Monday, January 09, 2006

Larry Sobal column: There's a mess beyond Vioxx

Last month, it was all over the news that a U.S. federal judge in Houston ruled that the latest trial involving Vioxx was a mistrial due to a hung jury.
To refresh your memory, Vioxx is a prescription painkiller manufactured by drug giant Merck. The drug was released in the market in 1999 after the Food and Drug Administration ruled it safe. After being dogged by safety concerns, Merck pulled the drug from the market in September 2004 after studies showed in doubled the risk of heart attacks and strokes in patients who took it for 18 months or longer.
The Houston trial is just one of 7,000 Vioxx lawsuits against Merck. So far, one jury has awarded $253 million to the family of an individual who died while taking Vioxx while another jury found no Merck wrongdoing in a similar case.
While this makes for good media fodder, the question I have — so should you — is whether the Vioxx situation is really a symptom of a diseased pharmaceutical industry in need of major reform.
There are huge dollars at stake in the world of drug development. Vioxx was a blockbuster drug that generated roughly $2.5 billion in annual sales and Americans are now spending in excess of $200 billion a year on prescription drugs. Drugs are the fastest-rising component of health care costs.
At first glance, it would appear that drug manufacturers are simply pursuing capitalistic incentives geared to turn out a steady stream of innovative medicines that lengthen life, enhance its quality and avert more expensive care. If successful, we reap the benefits of miracle drugs and they reap the benefits of handsome profits. However, once you get past this altruistic view, a closer inspection reveals major concerns.
My first concern is that the profitability of drug companies is the barometer by which all other industries are measured. In fact, for more than two decades, the drug industry has clearly been the most profitable in the U.S. In 2002 the combined profits for the 10 drug companies in the Fortune 500 ($35.9 billion) were greater than the cumulative profits for all other 490 companies put together ($33.7 billion).
My next concern is that drug industry is not a model of free enterprise, but one utterly dependent on government-granted monopolies (in the form of patents from the FDA) and is no longer focused on brining new miracle drugs to market.

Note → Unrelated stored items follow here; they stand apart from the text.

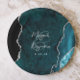 Teal Blue Agate Silver Script Wedding Paper Plate
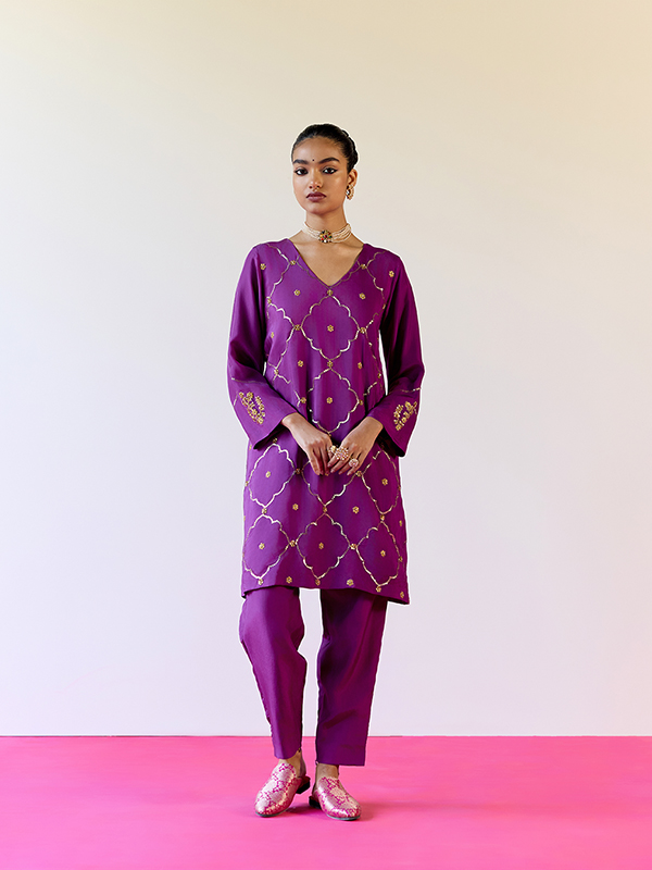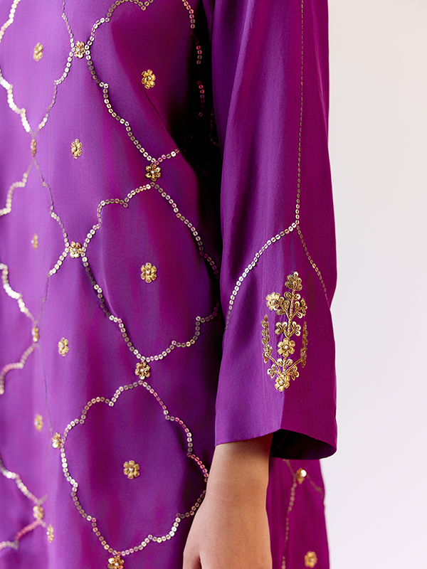The Purple Jhalore Tunic Set features an all-over sequinned motif tunic that catches the light with a soft, luminous finish. The sleeves are highlighted with fine gota and sequin embroidery motifs, adding artisanal intricacy and surface detail. It is paired with solid silk pants that anchor the look with a clean, elegant balance.
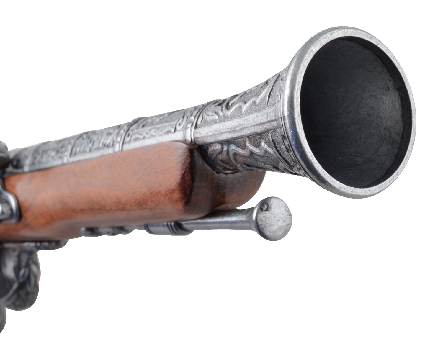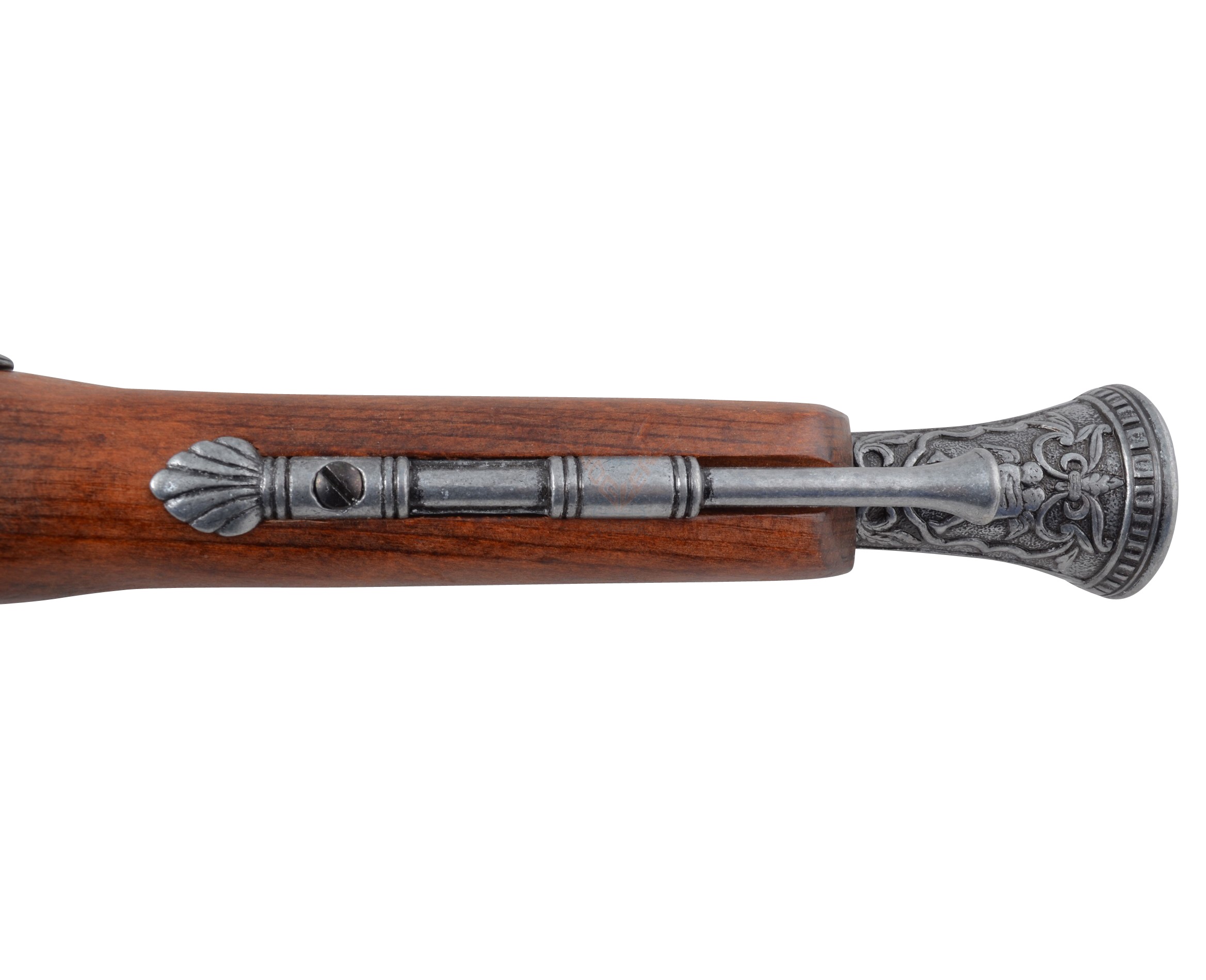 Итальянский пистолет от мастеров сувенирных экземпляров исторического оружия, выглядит чрезвычайно эффектно. Внешний вид такого образца ничем не отличается от оружия, распространенного в 15-18 веках. Для изготовления пистолета использован zamak – сплав на основе алюминия и цинка, а также сталь. Рукоятка и ложе изготовлены из натурального дерева и украшены имитацией гравировки. Ствол пистолета имеет расширенную в сторону дула форму, под столом – имитация шомпола, необходимого для регулярной чистки оружия и его зарядки. Рукоять украшает устрашающая маска с кольцом, которое, видимо, предназначалось для закрепления оружия на поясном ремне. Габариты и вес пистолета отвечают оригинальным образцам того времени: вес оружия – 0,69 кг, длина – 39 см. Ударный механизм и спусковой крючок подвижны, это делает пистолет еще более аутентичным.
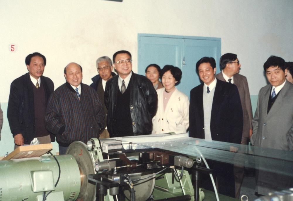 原中共浙江省委常委、杭州市委書(shū)記,時(shí)任中共嘉興市委書(shū)記王國(guó)平與省、市領(lǐng)導(dǎo)在浙江宏達(dá)經(jīng)編實(shí)業(yè)公司車(chē)間

The reality is there are few new innovative drugs being brought to market. The vast majority of "new" drugs entering the market are variations on existing drugs. These "me-too" drugs are often just a molecular variation of an existing product and developed just before the patent expires.

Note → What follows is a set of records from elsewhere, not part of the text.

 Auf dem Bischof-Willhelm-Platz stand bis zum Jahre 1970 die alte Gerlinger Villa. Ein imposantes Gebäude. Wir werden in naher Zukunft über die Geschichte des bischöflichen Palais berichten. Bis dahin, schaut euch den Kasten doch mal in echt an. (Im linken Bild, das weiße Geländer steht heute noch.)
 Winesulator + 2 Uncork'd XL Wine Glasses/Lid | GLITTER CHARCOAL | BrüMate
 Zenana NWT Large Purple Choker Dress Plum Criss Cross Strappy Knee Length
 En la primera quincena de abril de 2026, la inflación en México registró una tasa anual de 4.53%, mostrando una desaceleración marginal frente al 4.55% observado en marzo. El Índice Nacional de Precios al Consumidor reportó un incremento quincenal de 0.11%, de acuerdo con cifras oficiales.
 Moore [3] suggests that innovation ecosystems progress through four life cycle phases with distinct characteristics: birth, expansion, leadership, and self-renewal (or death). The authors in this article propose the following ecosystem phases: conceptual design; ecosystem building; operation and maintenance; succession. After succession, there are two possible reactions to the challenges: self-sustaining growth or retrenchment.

There is a lot at stake related to patent approval. Once patent exclusivity expires, usually averaging around 14 years, generics flood the market and are often priced at less than 20 percent of the name brand and profits subsequently plummet.
Since the FDA controls the drug approval process, one would hope that this organization takes an unbiased stance and always acts in the best interests of the public. With around 3,000 lobbyists targeting Washington, no other industry spends more money with more people in order to sway public policy, and the FDA has made some questionable decisions to protest pharmaceuticals.

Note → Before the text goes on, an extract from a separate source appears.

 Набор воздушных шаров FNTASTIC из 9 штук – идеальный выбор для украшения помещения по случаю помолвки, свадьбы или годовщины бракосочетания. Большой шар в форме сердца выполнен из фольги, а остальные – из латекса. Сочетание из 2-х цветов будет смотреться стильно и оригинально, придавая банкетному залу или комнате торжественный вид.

Among the changes I advocate are that the FDA should only provide patent protection to a drug if it is deemed to be "better" in some distinguishable way versus other drugs already on the market. In addition, the FDA needs to take back control of how drugs are tested by the manufacturers so that all clinical trials are fully disclosed. These are but a few of the changes needed to clean up the corporate drug scene.